Grid Search and Stacking (Bronze | Competition Record of MUFG Data Science Champion Ship 2023)
(code available : https://github.com/Mao718/data-science/tree/main/三菱UFJ)
Intro
Since last time ( SIGNATE Student Cup ), didn't implement further improvements such as stacking frameworks become one of my repentant. I attend another competition to further try to optimize the machine learning models performance by Grid search and Stacking.
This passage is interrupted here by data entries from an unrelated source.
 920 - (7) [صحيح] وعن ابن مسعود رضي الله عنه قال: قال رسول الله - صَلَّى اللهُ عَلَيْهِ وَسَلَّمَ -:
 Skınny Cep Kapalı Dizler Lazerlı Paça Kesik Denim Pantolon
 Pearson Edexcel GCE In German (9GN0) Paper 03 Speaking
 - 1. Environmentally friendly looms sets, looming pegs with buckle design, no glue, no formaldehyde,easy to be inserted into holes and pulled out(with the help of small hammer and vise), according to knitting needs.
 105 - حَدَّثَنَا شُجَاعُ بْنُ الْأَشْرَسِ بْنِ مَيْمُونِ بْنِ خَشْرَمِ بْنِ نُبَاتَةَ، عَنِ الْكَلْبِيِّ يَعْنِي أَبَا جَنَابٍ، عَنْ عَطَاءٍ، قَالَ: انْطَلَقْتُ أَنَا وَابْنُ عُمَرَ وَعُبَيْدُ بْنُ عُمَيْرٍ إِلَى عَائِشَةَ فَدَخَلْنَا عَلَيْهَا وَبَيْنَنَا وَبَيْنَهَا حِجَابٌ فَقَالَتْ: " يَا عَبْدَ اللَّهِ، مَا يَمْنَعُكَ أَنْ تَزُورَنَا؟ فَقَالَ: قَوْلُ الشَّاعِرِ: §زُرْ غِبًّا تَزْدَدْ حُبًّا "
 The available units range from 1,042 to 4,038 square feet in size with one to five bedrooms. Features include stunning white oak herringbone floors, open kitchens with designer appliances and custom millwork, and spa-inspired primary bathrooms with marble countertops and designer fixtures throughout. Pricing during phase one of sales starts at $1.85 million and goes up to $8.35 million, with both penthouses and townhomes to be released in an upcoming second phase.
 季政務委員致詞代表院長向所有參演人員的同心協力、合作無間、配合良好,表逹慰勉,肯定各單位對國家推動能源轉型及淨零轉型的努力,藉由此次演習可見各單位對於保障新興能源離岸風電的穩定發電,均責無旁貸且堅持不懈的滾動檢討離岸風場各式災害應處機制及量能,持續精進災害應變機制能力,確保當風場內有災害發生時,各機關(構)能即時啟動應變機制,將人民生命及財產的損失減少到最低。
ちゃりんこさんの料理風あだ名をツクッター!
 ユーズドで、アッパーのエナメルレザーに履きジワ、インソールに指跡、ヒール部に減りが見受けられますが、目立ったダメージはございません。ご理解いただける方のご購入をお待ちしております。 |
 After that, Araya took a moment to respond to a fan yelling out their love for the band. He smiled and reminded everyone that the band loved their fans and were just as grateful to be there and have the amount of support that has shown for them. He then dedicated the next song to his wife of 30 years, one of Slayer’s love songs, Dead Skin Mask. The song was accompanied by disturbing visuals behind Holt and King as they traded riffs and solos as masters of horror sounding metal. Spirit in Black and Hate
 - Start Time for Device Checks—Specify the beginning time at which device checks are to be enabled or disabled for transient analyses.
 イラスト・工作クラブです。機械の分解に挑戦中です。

Here’s the record of this competition.
.png%3Ftable%3Dblock%26id%3Ddac80f26-a8df-47ac-95d7-997bfe57d8eb%26spaceId%3Df7245a49-869d-4bb9-bbd4-6b828ef68397%26expirationTimestamp%3D1746064800000%26signature%3DYrd2PiF4Qg-_21mYQ_uCJXB24CHfk9_RdrbpTuf4FvM?table=block&id=dac80f26-a8df-47ac-95d7-997bfe57d8eb&cache=v2)
The competition is to build up a model to detect credit card fraud. One important thing to know is that true and false sample are significantly imbalance.
As customary, here are my scores by date, which I would like to separate into four phases.
- Basic: Following last time experience. (Detail in SIGNATE Student Cup )
- Overfitting: I tried to include more data which lead overfitting.
- Grid Search: Implement grid search algorithm for XGboost.
- Stacking: Stacking up catboost, XGboost and LightGBM.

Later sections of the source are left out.